(Recorded data)
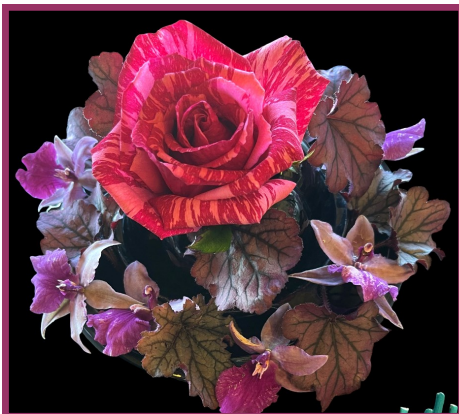
Pink Intuition with Oncidium
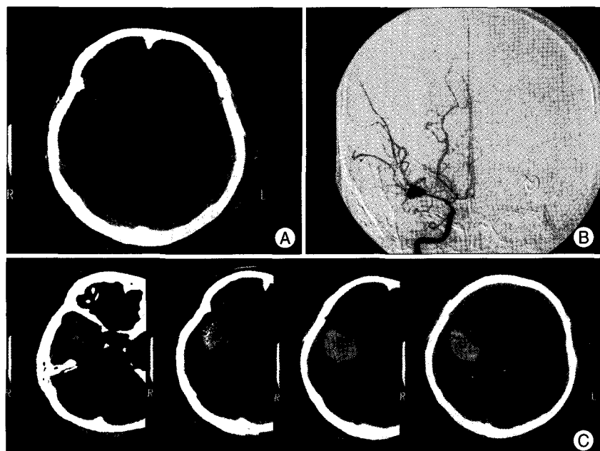
Fig. 1. A 51-year-old woman presenting with Hunt and Hess (H/H) grade III. Initial CT (computed tomography) shows subarachnoid hemorrhage in the right sylvian cistern (A), and carotid angiogram demonstrates severe vasospasm and a right middle cerebral artery bifurcation aneurysm (B). Brain CT after rebleeding (H/H grade IV, C) shows large intracerebral hematoma in the right fronto-temporal area.

Group A : aneurysmal subarachnoid hemorrhage (SAH) associated with large intracerebral hematoma (ICH), January, 1994–December, 1999. Group B : aneurysmal SAH associated with large ICH, January, 2000–May, 2005. All clinical variables are not significantly different between two groups (t-test for age, hematoma volume, and size of aneurysm, \chi^2 test for other variables). Data are expressed as the mean ± the standard error. ACA : anterior cerebral artery, MCA : middle cerebral artery, ICA : internal carotid artery, Pcom : posterior communicating artery
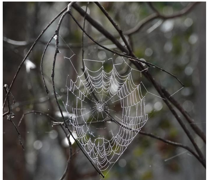
Dew laden spider web
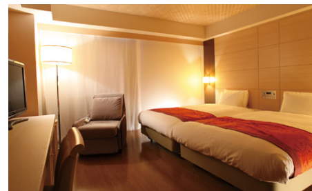
Deluxe Twin Room (27.3m 2 )
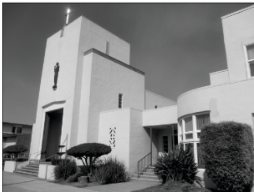
Saint John the Baptist Catholic Church
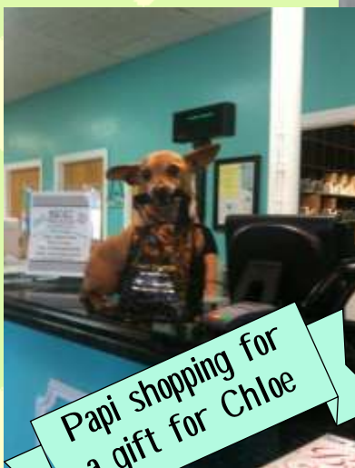
Papi shopping for a gift for Chloe
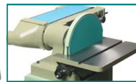
Infinitely adjustable belt sander positioning from vertical to horizontal.
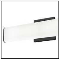
BK - Black
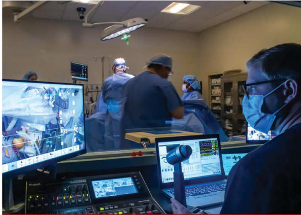
Simulation and imaging suites afford future surgical staff from the Nurse Anesthesia and Radiation Sciences programs to practice in realistic settings with the same equipment they will one day use to administer radiation to cancer patients.
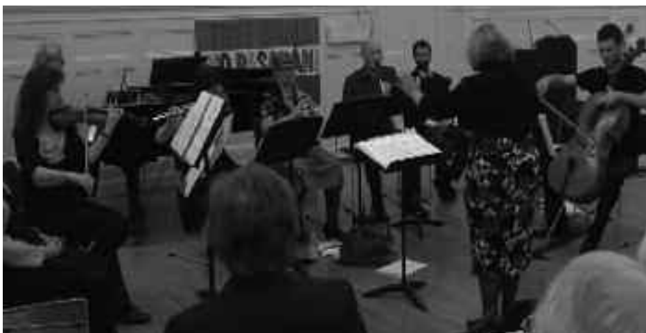
DE MADRUGADA ENSEMBLE: Playing new compositions at the concert in London.
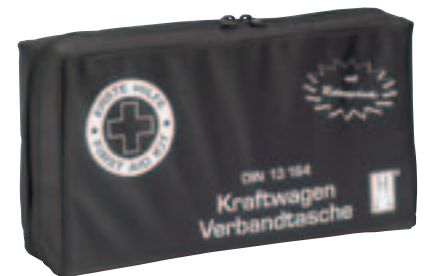
Ref. No. 25875
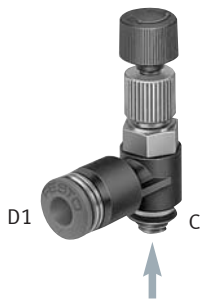
Differential Pressure Regulator, NPT, with Elbow Connector Housing: Polymer
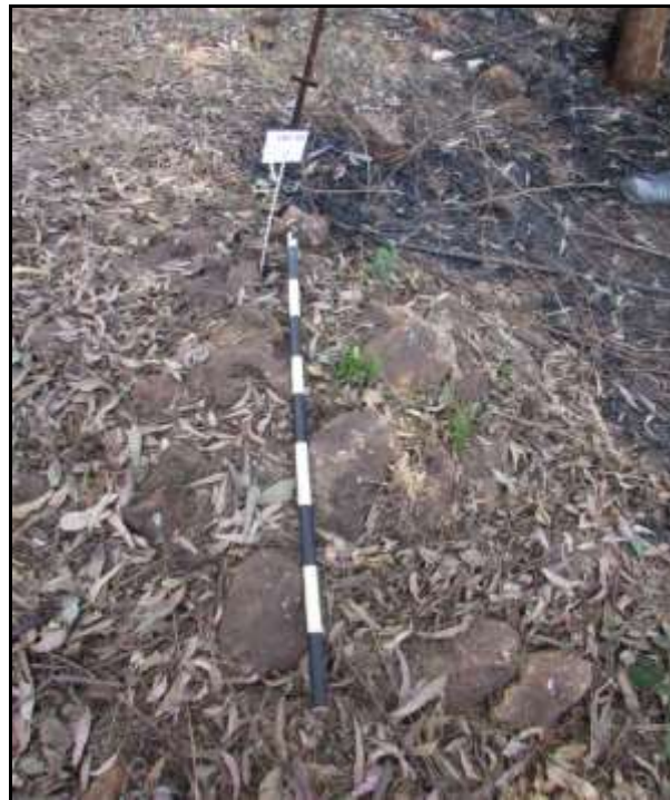
Fig.3: The grave with the metal cross marker.
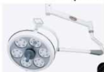
LED Operating Lamp LED20s
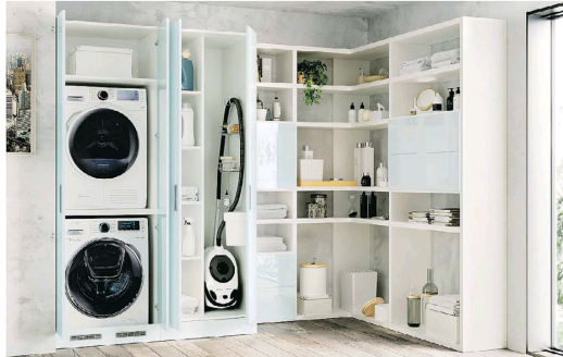
Scavolini's Laundry Space collection, with its combination of the appliance unit (housing the washing machine and dryer) and the storage cupboard with the Fluida wall system, in a corner configuration and fitted with bottoming flap doors and baskets, is the perfect solution for managing all your cleaning and washing essentials.
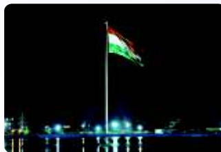
Flag Mast, Raipur
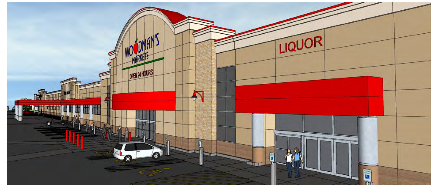
Enlarged South East Perspective
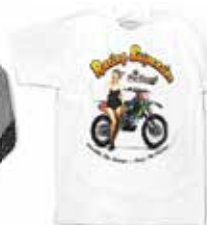
LADY TEE $26.95
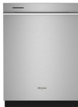
SUITE MATCH DISHWASHER WDTA80SAK
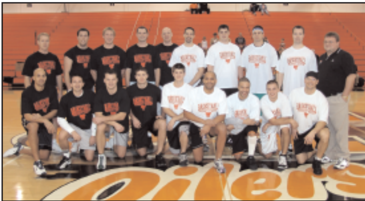
Nearly 30 alumni of the men's basketball program returned to campus Jan. 28 to play in the Men's Alumni Basketball Game.

Exercise requirements >> Which of the lines above hold the string "middle"? Pick each of them out.

Written answer >>
Fig. 1. A 51-year-old woman presenting with Hunt and Hess (H/H) grade III. Initial CT (computed tomography) shows subarachnoid hemorrhage in the right sylvian cistern (A), and carotid angiogram demonstrates severe vasospasm and a right middle cerebral artery bifurcation aneurysm (B). Brain CT after rebleeding (H/H grade IV, C) shows large intracerebral hematoma in the right fronto-temporal area.
Group A : aneurysmal subarachnoid hemorrhage (SAH) associated with large intracerebral hematoma (ICH), January, 1994–December, 1999. Group B : aneurysmal SAH associated with large ICH, January, 2000–May, 2005. All clinical variables are not significantly different between two groups (t-test for age, hematoma volume, and size of aneurysm, \chi^2 test for other variables). Data are expressed as the mean ± the standard error. ACA : anterior cerebral artery, MCA : middle cerebral artery, ICA : internal carotid artery, Pcom : posterior communicating artery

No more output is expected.